* **Work to complete**: Without any pictures, reproduce exactly the lines running from the line containing "Володимир Юринець (1891–1937)" through the end of the entries.

━━ Working data ━━

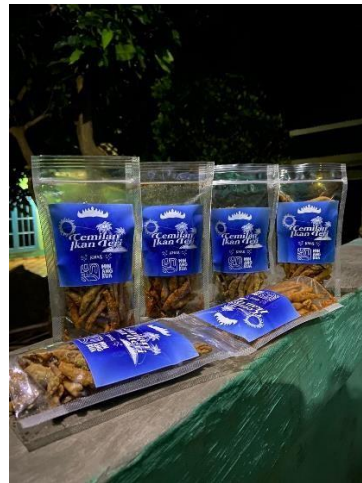
Gambar 2.7 Pembuatan logo pada UMKM olahan ikan teri
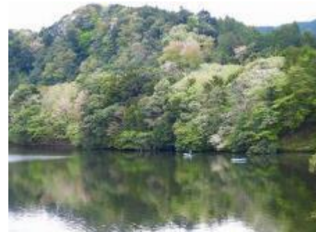
新緑の豊英島-ホテイ岬

年度初めの活動日ということで、午前中に定時総会を開催しました。総会では 2021 年度の活動報告と決算報告、監査結果、2022 年度の活動計画と予算案について話し合われました。今年度の活動計画は次頁のとおりですが、いろいろな新しいことに積極的にチャレンジしていくことを確認しました。
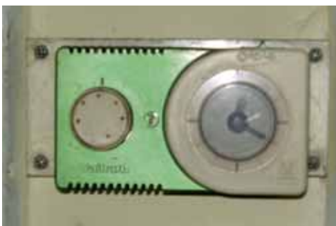
Gospodin Zlatko Vučković iz Termocommerca iznenadio nas je fotografijom Vaillantovog termostata montiranog u njegovoj kući davne 1976. godine. Sve pohvale išle su ovaj puta na račun Vaillantove izdržljivosti i kvalitete!
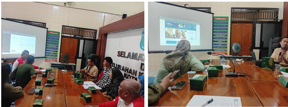
Gambar 3. Dokumentasi Kegiatan Pelatihan Pengelolaan Website di Kelurahan Kemandungan

Sebagai bentuk dokumentasi kegiatan, pelaksanaan pelatihan ini juga didukung dengan pengambilan foto selama kegiatan berlangsung. Dokumentasi ini ditampilkan pada Gambar 3 yang menunjukkan suasana pelatihan, interaksi antara tutor dan peserta, serta proses praktik pengelolaan website.
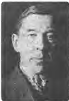
Володимир Юринець (1891–1937)

Ідеологія як система раціоналізованих уявлень про суспільство, що ще й виправдовує та легітимізує конкретний соціальний порядок має двосторонні « відносини » з економічним базисом: крім того, що ідеологічні феномени можуть мати самостійне значення вона ще мати й зворотній вплив на економіку. Тому розуміння надбудови та ідеології як її складової лише як одновекторного відображення економіки у духовні форми, як своєрідної « фотографії » економічного базису Юринець характеризує як « сплутування детермінізму з фаталізмом ».
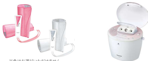
※色はお選びいただけません

━━━

* **Completed task**:
Володимир Юринець (1891–1937)

Ідеологія як система раціоналізованих уявлень про суспільство, що ще й виправдовує та легітимізує конкретний соціальний порядок має двосторонні « відносини » з економічним базисом: крім того, що ідеологічні феномени можуть мати самостійне значення вона ще мати й зворотній вплив на економіку. Тому розуміння надбудови та ідеології як її складової лише як одновекторного відображення економіки у духовні форми, як своєрідної « фотографії » економічного базису Юринець характеризує як « сплутування детермінізму з фаталізмом ».
※色はお選びいただけません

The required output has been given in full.